How to Live Safely in a Science Fictional Universe

How to Live Safely in a Science Fictional Universe
By Charles Yu
(Vintage, Paperback, 9780307739452, June 2011, 256pp.)

The Short of It:

Time travel is an entertaining subject in and of itself, but at its core, this book is a collection of moments. Moments of realization, moments of disappointment and moments of loss and regret.

The Rest of It:

Charles is a time machine repairman on Minor Universe 31. Technically, he is like the auto club for time machines. When a machine fails, he travels across time to fix it. But, these “repairs” are often needed because people go back in time to change the past, and that’s something that should never be done. He runs into all types of people, with his robotic dog by his side, but he’s got problems of his own. In a moment of rash judgment, he shoots his future self. Now, THAT’s a problem. To further complicate things, he comes across a book he’s written, a survival guide for living in a science fictional universe. But at the point of discovery, he’s already gone against much of what it recommends.

How to Live Safely in a Science Fictional Universe was wonderful but in a totally weird, quirky way. Parts of it were absolutely touching and sweet and parts of were complete mind benders.

It’s really a book about so many things. The relationship between Charles and his family is achingly sad.

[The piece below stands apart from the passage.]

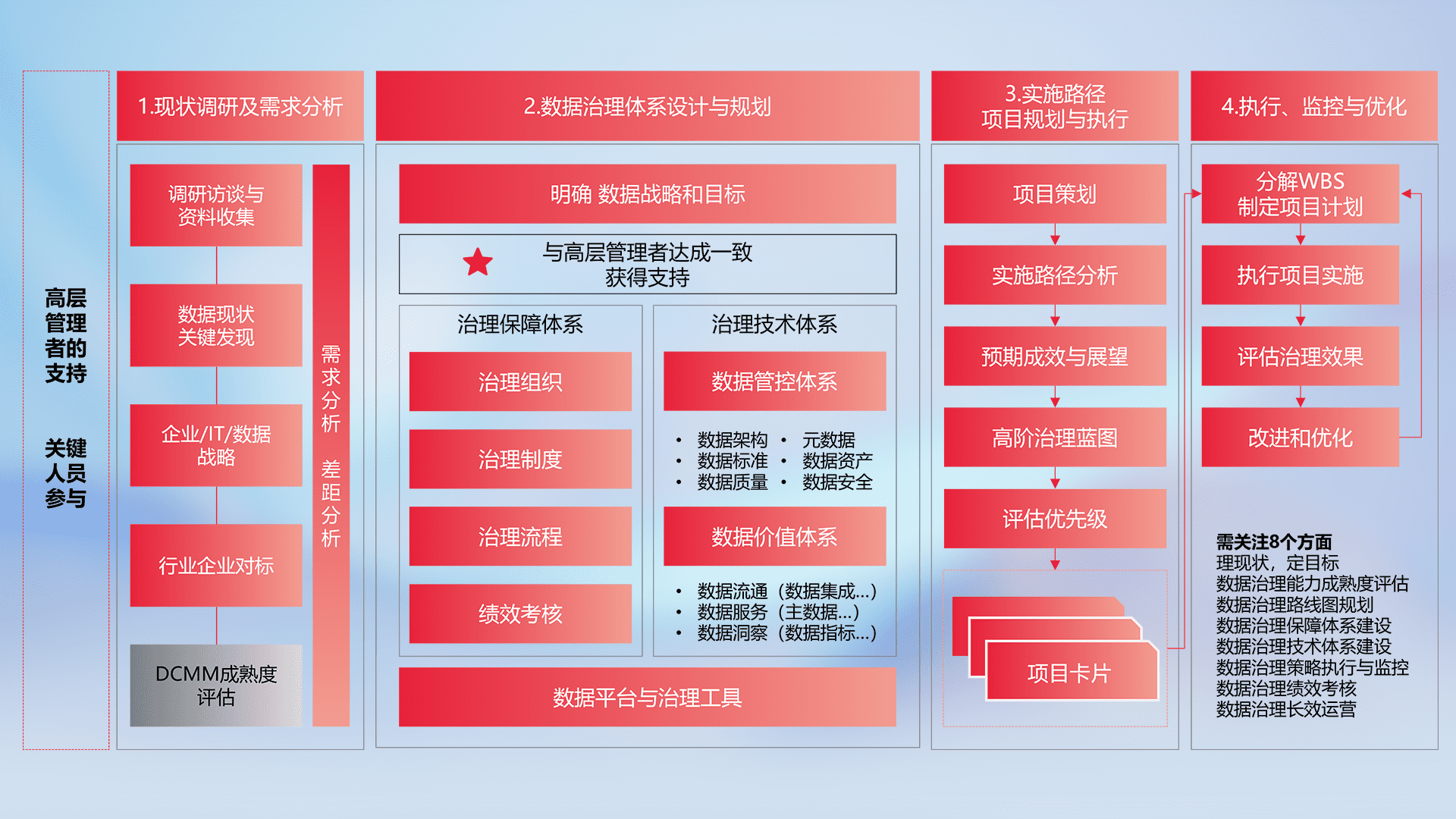 制定并执行统一的数据标准,,规范数据定义和格式,,,,消除冗余和不一致性,,,实现跨部门和跨系统的数据一致性,,,,为企业提供标准化的数据基础。。。。

Charles yearns for so much more, and he doesn’t really understand where things went wrong, so he re-lives moments over and over again in order to gain an understanding. It’s a book about self-discovery, about love and loss but it’s also very funny. There are lots of funny moments to chuckle over.

Fans of science fiction will certainly enjoy this one, but readers who enjoy “what if” scenarios will enjoy this one too. I found myself working stuff out in my head (sort of like what I did when I watched Back to the Future III and thought, wth??)

This was a fun, completely different book. The story was very unique and thoughtful. I’m so glad I read it.

Side Note: I was looking up information on the author and came across this article. Turns out that Yu is a director for the Oscar-winning Digital Domain, a visual effects company. This article also includes Yu’s top ten time travel books. Very interesting.